A key architect of Britain’s post-crisis banking reforms, Professor John Vickers, has blasted regulators’ approach to minimum bank capital levels as “simply wrong”, suggesting so-called “bail-enable” debt is untested and shareholders’ equity should be about three times higher than it is.
Prof Vickers, a former chief economist at the Bank of England, said banking regulators around the world had made assumptions that were “wrong by a wide margin”, such as setting minimum equity levels based on normal economic conditions.
“Capital safeguards are for abnormal conditions, just as flood defences are built for abnormal weather conditions,” he said.
New banking rules agreed in the wake of the crisis, known as “Basel III”, mandate that banks’ assets be backed by at least 3 per cent equity.
Prof Vickers chaired the British government’s 2011 independent Commission on Banking, which criticised Basel and recommended higher equity levels for banks and the “ring-fencing” of investment banking from deposit taking.
“The politics of regulatory reform has resulted in a settlement that falls short of what the economics require.

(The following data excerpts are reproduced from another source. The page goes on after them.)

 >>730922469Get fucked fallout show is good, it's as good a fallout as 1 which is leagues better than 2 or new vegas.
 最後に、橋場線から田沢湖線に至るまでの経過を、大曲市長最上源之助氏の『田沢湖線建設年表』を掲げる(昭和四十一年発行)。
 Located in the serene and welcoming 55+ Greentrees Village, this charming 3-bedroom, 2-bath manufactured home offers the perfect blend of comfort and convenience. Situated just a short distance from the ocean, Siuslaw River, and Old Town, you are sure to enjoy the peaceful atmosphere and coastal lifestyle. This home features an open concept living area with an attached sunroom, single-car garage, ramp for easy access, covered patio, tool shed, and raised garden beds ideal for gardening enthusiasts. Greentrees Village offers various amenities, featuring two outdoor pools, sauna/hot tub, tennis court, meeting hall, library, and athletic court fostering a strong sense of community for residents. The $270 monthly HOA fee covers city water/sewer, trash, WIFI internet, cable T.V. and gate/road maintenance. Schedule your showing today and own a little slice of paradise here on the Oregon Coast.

‘‘We are safer 10 years on, but not as safe as we could and should be,” he said in Abu Dhabi yesterday.
Prof Vickers, now the warden of All Souls College, Oxford, said banks were safer than a decade ago but fell far short of maintaining the optimal levels of equity that experts and economists working outside the banking sector had recommended.

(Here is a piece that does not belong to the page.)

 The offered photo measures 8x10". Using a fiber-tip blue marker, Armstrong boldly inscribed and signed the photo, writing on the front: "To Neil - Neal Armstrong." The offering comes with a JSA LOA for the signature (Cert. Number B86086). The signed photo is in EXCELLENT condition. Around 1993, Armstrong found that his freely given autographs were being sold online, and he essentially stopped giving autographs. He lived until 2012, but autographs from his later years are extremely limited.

“A gulf this wide between official opinion and academic opinion on a truly fundamental economic policy question is extraordinary,” he said. “There is an astonishing gap … they cannot both be right,” he added.
A group of renowned economists, both left and right politically, including Nobel Prize winners William Sharpe and Eugene Fama, wrote a letter in the Financial Times in 2010 arguing shareholders’ funds as a share of total assets should be at least 15 per cent to reduce the likelihood of financial crises and the chance taxpayers would need to bail banks out.

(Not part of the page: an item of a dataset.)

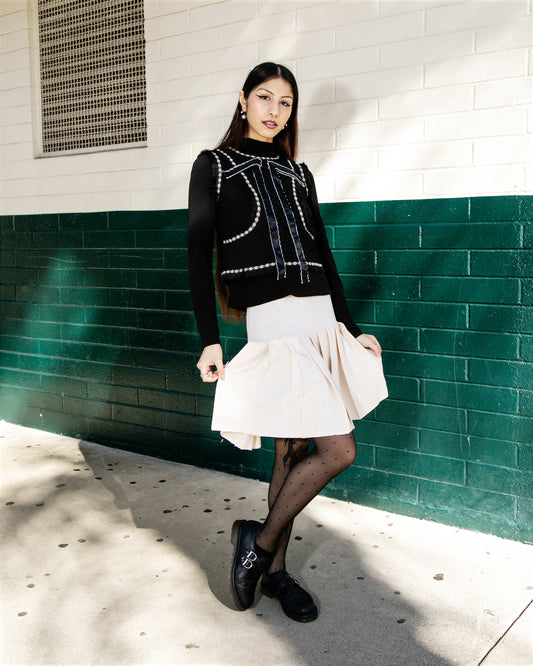 CHRISTINE GARCIA Romantic Fringe Sleeveless Vest with Bow SZ S

“These figures are enormously greater than the Basel III settlement,” Prof Vickers said.
Higher levels of equity also put pressure on bank costs and bonuses, making it harder for banks to achieve high rates of return on equity.
Mervyn King, the former Bank of England governor, recently said 10 per cent equity would be “good start”.
The big four Australian banks’ equity levels as a share of their assets have risen from around 4.5 per cent to 5.5 per cent since the financial crisis.
Prof Vickers lambasted regulators’ use of so-called Tier 2 equity.
“That might be more tax efficient for banks, but that should not be a concern of prudential regulators acting in the public interest,” he said.
APRA recently released a plan to increase big banks’ minimum capital ratios by 4 or 5 percentage points by 2023 with recourse only to Tier 2 capital instruments.
“Will it work? Nobody knows. It’s not a sure-loss absorber”, Prof Vickers said of such instruments.
Debate about bank prudential standards has raged in the UK, among the countries worst hit in the financial crisis.
Prof Vickers also called on countries like Australia to more structurally separate investment banking activity from deposit taking, following similar moves in the UK.
“It is disappointing that structural separation measures have been rather limited internationally, despite the attempt made in the EU by the expert group chaired by Erkii Liikanen,” he said, referring to the former governor of the Bank of Finland.
He also said bank share prices related to banks’ book value have proved a better indicators of bank health than regulators’ measures based on risk-weighted assets, which were hopeless indicators of stress in the lead-up to 2008.